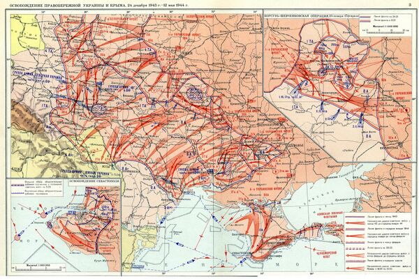 В результате третьего удара советскими войсками 3-го и 4-го Украинских фронтов и Отдельной Приморской армии во взаимодействии со 2-м Украинским фронтом и Черноморским флотом были разгромлены одесская и крымская группировки 17-й немецкой армии и был освобождён Крым. Третий удар начался Одесской операцией (26 марта — 14 апреля) и освобождением городов Николаев и Одесса войсками 3-го Украинского фронта. С 8 апреля по 12 мая проводилась Крымская операция, 13 апреля был освобождён Симферополь, 9 мая — Севастополь.
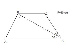 1. В трапеции ABCD диагональ BD перпендикулярна боковой стороне AB , угол ADB = углу BDC = 30 градусов. Найдите длину AD, если периметр трапеции = 60см.
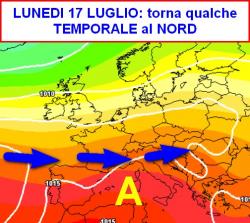 Nella giornata di lunedì 17 luglio (terza mappa) tornerà qualche temporale al nord sotto l’egida di correnti occidentali meno calde.
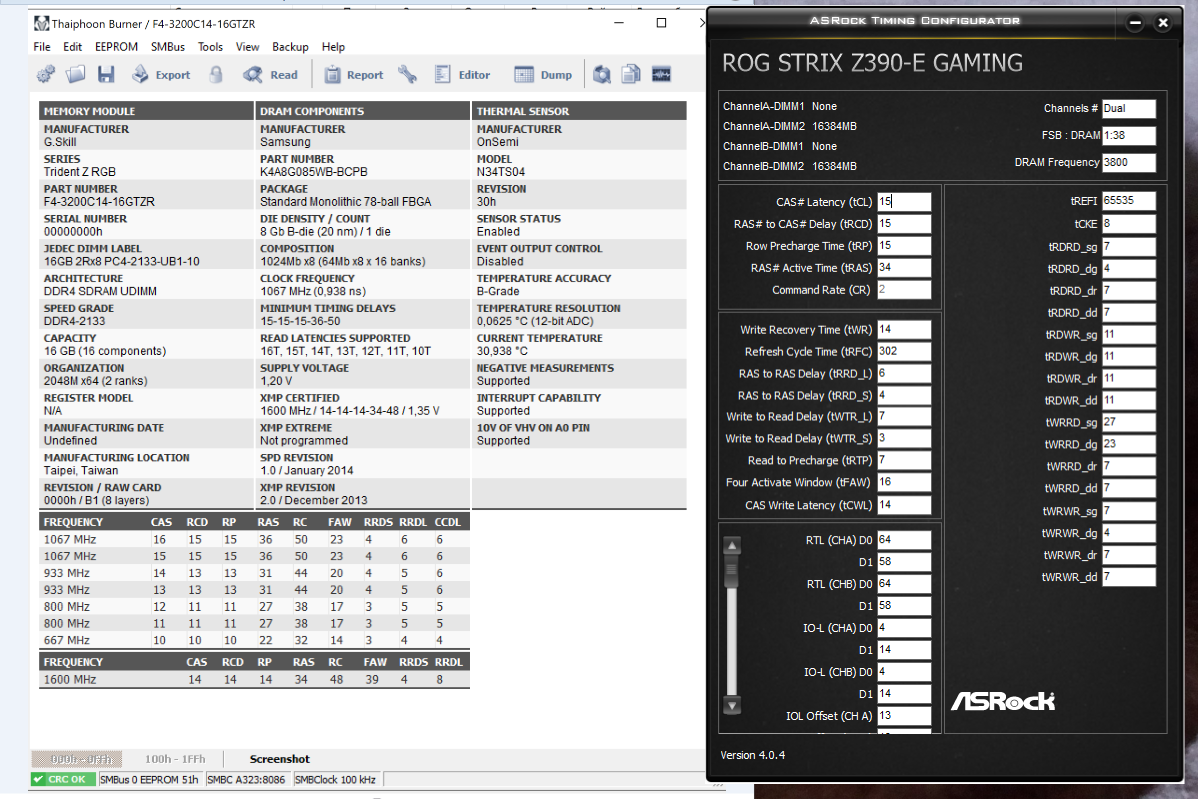 [img]Ссылка на скрин[/img] Для сбора статистики по установленным чипам памяти просьба прикладывать скрины программы Taiphoon Burner и указывать напряжения на DIMM, IO и SA![/color]

■ **Directions for this task**: For this exercise, please set down exactly the lines of the listing above from the line with "1. В трапеции" up to and including the line with "Nella giornata di", and no pictures.

■ **Response for this exercise**:
 1. В трапеции ABCD диагональ BD перпендикулярна боковой стороне AB , угол ADB = углу BDC = 30 градусов. Найдите длину AD, если периметр трапеции = 60см.
 Nella giornata di lunedì 17 luglio (terza mappa) tornerà qualche temporale al nord sotto l’egida di correnti occidentali meno calde.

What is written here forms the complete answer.